Nous prenons notre repas avec
Sandya, chez la tante de Sameera,
car nous comprenons que la maman
est trop pauvre pour nous inviter ;
la maison de la tante se situe
tout près de celle de Sameera,
c'est aussi une "maison tsunami"
comme les gens les appellent ici,
mais celle-là est un petit
peu plus grande : 4 pièces
au lieu de 2 . Sur la table de
notre repas un bouquet de fleurs
de nénuphars que Sameera
a cueillies pour sa marraine :
adorable gamin que j'aimerais
prendre dans mes bras et embrasser,
mais les moeurs du Sri Lanka sont
différentes des nôtres
et je ne veux nullement le choquer,
je me contente donc d'une petite
caresse sur sa main et d'un grand
sourire ; il me sourit à
son tour ; les sourires sont notre
seul langage commun, et ils nous
emplissent le coeur chaque instant
un peu plus.
Après le repas, nous sommes
conviés à assister
à une cérémonie
où les mamans veuves vont
recevoir un petit colis d'aide
nous semble-t-il ; des chants
et des danses ponctuent cette
cérémonie présidée
par un moine.
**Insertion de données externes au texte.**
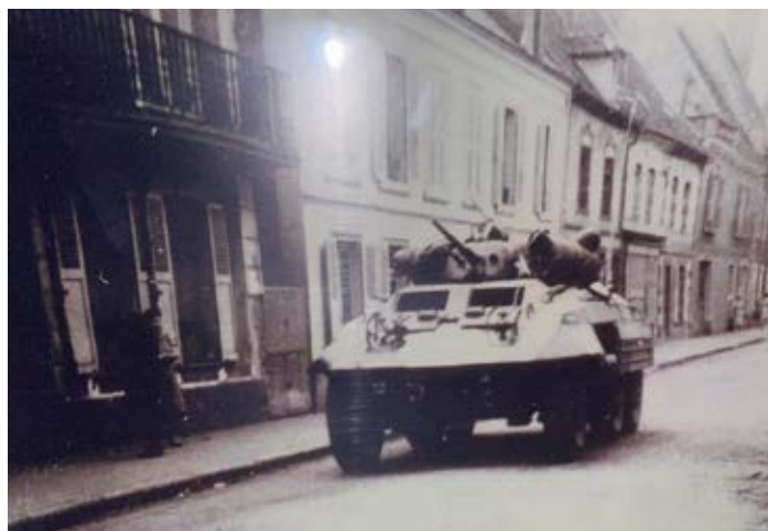
Les blindés entrent dans Longny.

Dans les jours qui suivent, différents accrochages sérieux auront lieu notamment dans les bois sur la route de Marchainville détruisant des véhicules blindés allemands et tuant des soldats ennemis. Ils iront ensemble (le groupe Levesque et les hommes de Kirschen) au château de Miserai affronter les forces d'occupation. Deux allemands sont tués et ils mettent la main sur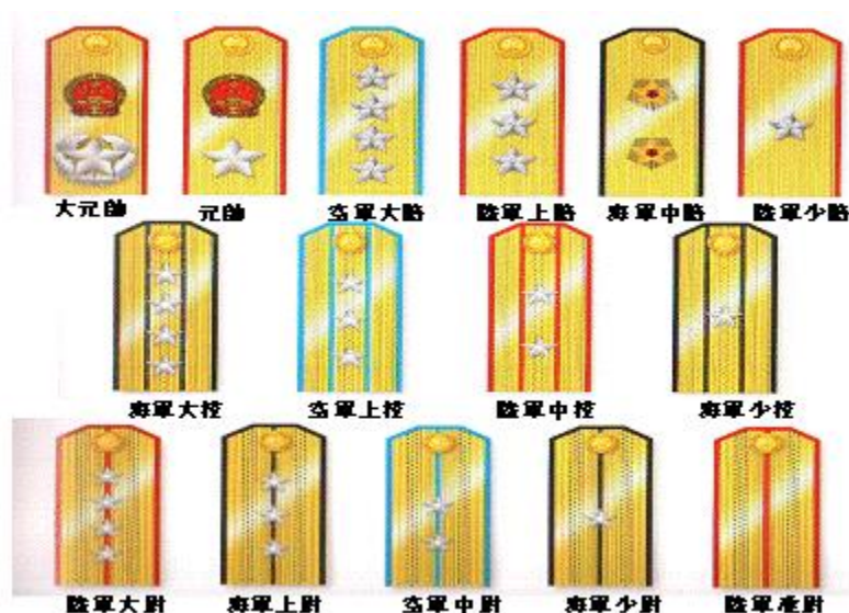
圖一：共軍55式軍官軍銜肩章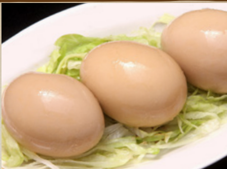
おつまみ 煮玉子 370円 (税込407円)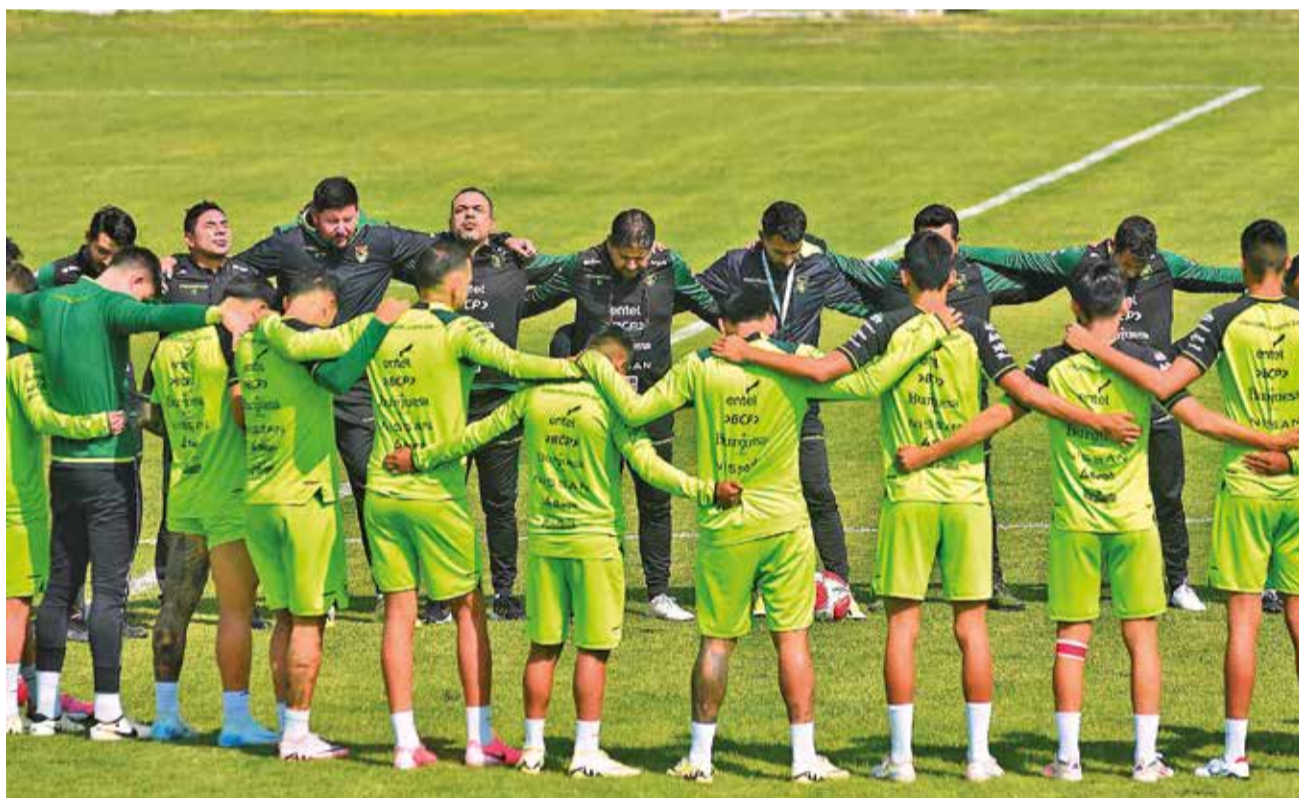
Integrantes de la Verde antes de iniciar la práctica en el estadio Rafael Mendoza Castellón, ayer. APG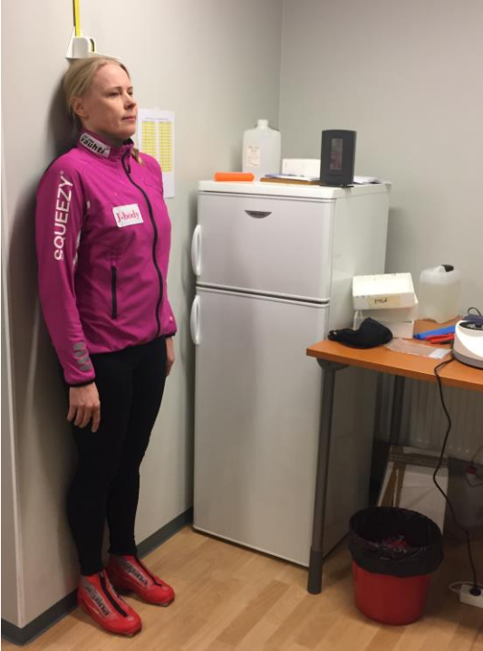
Kuva 1. Urheilijan mittaus: Hiihtokengät jalassa, ilman päähinettä

Toutes les femmes
ont revêtu le traditionnel
sari pour cette occasion (on a
remarqué que la maman de
Sameera s'en était fait
prêté un). Grande
dignité tout au long de
cette cérémonie.
Nous sommes très émus
d'y assister, d'autant plus que
nous sommes les seuls étrangers.
Encore un très grand moment
qui restera gravé dans
notre mémoire.
Le lendemain nous partons avec
notre chauffeur pour 2 semaines
de visite du pays.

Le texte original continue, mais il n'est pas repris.